My rating: 3 of 5 stars
2.5 stars
I received this book for free, this does not affect my opinion of the book or the content of my review.
After all, what were the odds that the deaths of two older residents of rural Missouri who didn't appear linked in any way and who had no fortune worth stealing could be anything but natural?
Body of Evidence is book three in the Triple Threat series about the Reilly sisters. Youngest sister Grace is a forensic pathologist who travels six rural Missouri counties doing autopsies. When what looks like an attempted robbery may or may not have led to the death of an older woman, Grace conducts the autopsy and sees odd similarities to another older man's death. Coincidences that could easily be written off but when she finds what looks like sunflower seeds in both their stomachs, it bothers her enough to talk to the new Sheriff. Sheriff Nate has only been four months on the job but as former Special Forces, it doesn't take him much to get up to speed. He's willing to look a little further into these deaths, especially when it will give him more time around Grace.
He could let her walk away---or lay it on the line and possibly set himself up for a fall.
I hadn't read the previous books in the series but had no problem jumping in as this was fully Grace's story. Her sisters make appearances and bring in some of that sibling love and dynamics that I enjoy. With parents and a brother that had passed away, Nate only had a sister-in-law to show readers other sides of his personality and I missed him having a friend dynamic. He was in a dead end relationship of eight months when he meets Grace but after feeling the spark with Grace, he breaks up with her. This is Christian fiction, so the talk of morals and values comes on quick and their relationship is more about sensing each other is “The One”, they don't even get to go on a first date and readers won't see lingering touches until the epilogue.
Maybe the murderer had, indeed, devised the perfect homicide.
But she wasn't about to cede victory to BK until every stone had been overturned.
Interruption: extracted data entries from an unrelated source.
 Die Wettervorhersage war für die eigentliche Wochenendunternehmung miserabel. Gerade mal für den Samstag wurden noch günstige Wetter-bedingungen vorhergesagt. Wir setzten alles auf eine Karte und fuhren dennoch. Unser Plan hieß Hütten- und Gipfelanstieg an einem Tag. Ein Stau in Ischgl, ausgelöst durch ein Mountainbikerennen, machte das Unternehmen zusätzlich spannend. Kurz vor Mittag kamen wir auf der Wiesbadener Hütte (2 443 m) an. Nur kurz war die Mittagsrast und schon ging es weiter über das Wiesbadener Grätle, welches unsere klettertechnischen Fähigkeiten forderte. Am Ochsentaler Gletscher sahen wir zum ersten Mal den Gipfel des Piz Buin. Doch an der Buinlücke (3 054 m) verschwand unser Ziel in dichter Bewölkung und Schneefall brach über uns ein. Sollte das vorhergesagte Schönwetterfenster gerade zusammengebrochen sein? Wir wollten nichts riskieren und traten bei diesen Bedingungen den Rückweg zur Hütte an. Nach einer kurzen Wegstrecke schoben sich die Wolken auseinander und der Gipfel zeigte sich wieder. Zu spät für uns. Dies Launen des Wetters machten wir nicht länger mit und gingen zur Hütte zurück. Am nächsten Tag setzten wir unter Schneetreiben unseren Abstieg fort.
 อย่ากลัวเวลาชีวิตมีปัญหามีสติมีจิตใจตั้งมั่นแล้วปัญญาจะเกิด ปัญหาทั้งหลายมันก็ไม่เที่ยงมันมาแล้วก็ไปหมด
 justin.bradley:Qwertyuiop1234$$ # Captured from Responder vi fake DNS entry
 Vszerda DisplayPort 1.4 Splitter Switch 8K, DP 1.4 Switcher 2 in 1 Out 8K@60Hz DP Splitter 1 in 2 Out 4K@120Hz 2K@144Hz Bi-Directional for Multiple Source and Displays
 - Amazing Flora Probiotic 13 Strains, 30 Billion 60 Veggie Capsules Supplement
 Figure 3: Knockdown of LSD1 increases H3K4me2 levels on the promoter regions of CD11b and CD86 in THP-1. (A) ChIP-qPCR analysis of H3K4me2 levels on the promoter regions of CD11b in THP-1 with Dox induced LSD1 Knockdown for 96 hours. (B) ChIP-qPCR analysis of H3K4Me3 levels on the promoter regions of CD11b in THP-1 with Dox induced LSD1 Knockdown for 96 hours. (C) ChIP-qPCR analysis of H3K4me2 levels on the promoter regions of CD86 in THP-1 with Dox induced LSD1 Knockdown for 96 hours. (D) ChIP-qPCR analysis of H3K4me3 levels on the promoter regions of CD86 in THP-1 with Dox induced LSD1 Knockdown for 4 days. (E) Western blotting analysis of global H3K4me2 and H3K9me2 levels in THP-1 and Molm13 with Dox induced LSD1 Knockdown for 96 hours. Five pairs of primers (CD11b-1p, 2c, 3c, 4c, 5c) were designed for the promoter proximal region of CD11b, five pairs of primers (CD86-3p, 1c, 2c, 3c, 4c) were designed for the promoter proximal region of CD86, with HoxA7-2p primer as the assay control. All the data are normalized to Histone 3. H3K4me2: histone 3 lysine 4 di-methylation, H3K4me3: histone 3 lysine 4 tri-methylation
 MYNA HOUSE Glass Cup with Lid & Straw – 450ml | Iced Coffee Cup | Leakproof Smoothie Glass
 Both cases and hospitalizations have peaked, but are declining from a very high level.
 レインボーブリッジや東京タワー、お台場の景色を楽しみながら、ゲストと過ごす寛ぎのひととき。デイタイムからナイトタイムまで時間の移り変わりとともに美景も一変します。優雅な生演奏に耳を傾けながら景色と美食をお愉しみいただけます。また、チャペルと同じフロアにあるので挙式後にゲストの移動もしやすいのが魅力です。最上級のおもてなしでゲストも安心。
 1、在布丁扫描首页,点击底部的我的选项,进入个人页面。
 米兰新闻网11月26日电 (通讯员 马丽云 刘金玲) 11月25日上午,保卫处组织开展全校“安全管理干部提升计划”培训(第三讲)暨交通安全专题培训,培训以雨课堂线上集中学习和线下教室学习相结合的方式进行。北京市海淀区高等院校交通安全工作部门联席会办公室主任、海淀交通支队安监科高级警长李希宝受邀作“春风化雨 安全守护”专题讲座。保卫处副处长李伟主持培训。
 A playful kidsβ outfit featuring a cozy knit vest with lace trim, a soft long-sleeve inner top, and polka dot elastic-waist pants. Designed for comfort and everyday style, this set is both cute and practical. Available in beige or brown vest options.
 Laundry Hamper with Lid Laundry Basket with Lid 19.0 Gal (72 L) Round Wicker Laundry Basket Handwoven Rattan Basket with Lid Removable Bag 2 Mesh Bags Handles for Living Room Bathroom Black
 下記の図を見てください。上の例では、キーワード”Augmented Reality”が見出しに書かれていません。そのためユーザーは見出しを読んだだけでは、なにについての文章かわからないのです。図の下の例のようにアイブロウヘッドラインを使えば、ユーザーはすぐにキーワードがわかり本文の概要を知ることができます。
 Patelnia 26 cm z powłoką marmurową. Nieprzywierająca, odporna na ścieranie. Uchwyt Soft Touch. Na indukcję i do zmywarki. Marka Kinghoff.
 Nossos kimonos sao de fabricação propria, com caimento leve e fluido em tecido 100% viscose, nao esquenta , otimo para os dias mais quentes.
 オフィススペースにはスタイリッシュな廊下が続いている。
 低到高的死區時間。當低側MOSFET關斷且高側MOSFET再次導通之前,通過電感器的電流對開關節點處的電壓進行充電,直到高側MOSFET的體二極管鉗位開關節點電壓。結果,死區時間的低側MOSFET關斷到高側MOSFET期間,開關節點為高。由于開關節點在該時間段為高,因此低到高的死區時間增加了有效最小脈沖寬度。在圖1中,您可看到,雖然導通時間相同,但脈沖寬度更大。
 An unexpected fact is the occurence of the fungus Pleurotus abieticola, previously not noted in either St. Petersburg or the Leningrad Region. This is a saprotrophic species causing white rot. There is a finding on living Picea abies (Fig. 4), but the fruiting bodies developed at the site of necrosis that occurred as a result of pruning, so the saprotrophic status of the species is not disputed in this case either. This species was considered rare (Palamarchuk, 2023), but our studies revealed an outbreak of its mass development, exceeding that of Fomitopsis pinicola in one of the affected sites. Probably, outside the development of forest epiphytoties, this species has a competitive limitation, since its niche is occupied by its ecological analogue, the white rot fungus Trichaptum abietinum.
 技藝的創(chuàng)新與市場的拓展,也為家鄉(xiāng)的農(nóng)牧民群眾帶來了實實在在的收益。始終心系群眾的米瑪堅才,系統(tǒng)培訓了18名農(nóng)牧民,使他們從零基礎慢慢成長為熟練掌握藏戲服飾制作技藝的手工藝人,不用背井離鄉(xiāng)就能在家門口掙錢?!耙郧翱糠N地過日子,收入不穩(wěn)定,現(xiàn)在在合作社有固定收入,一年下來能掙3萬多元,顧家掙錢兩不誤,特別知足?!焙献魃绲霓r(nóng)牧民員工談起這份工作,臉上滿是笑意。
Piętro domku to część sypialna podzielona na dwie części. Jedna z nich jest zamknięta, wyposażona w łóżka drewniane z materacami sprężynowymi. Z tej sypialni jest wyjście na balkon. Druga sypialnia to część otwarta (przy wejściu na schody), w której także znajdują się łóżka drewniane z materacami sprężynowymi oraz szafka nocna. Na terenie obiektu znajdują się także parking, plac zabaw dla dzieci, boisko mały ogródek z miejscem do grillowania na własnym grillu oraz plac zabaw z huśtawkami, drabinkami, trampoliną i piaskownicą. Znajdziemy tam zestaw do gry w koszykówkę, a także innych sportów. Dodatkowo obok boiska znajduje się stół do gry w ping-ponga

The murder mystery was the main story here and we get povs from numerous people; players, the villain, and red-herrings. I liked how readers were let in on the why, insurance fraud scheme, and a who, an insurance salesman Dave is being blackmailed for cheating on his wife and forced to sell bogus claims to older citizens at the instance of a mysterious “BK”. The main villain pov of BK gives us their thoughts, feelings, and why they're doing this, bitter about how they're life turned out and enjoying how they're getting the best of people by being so smart but it's up to the reader to try and find out the identity of BK along with Grace and Nate. It was fun to have a little more information that Grace and Nate and travel along with them as they worked to figure things out but still keep some of the mystery for the reader to guess at as they don't know the identity of BK either.
Because almost from the day they'd met, he'd known Grace Reilly was special---and that this moment would come.
This was closer to a police procedural, mystery, than a romance for me but Grace and Nate do keep in touch throughout with conversations, they just happen to be mostly conversations about autopsies. I missed some of that relationship development as they immediately just felt like there was The One possibilities with the other. As I mentioned, this is Christian fiction so along with the more common no getting physical and no cursing, there was minimal mentions of going to church. I read very few Christian fiction, so the part where the reverend was automatically considered a trustworthy witness solely because he was a man of god made my eye twitch a bit, the underlining linking of stronger morals and values to religious people, and the tone that rural areas are automatically better than urban was a little off-putting to me. Obviously, elements that probably wouldn't bother regular Christian readers and I was a little shocked at the more to the side the talk of church and prayer was. If you're looking for a police procedural murder mystery (the instrument used for death was very interesting) with some feelings between the sheriff and forensic pathologist, this could be one to pick up.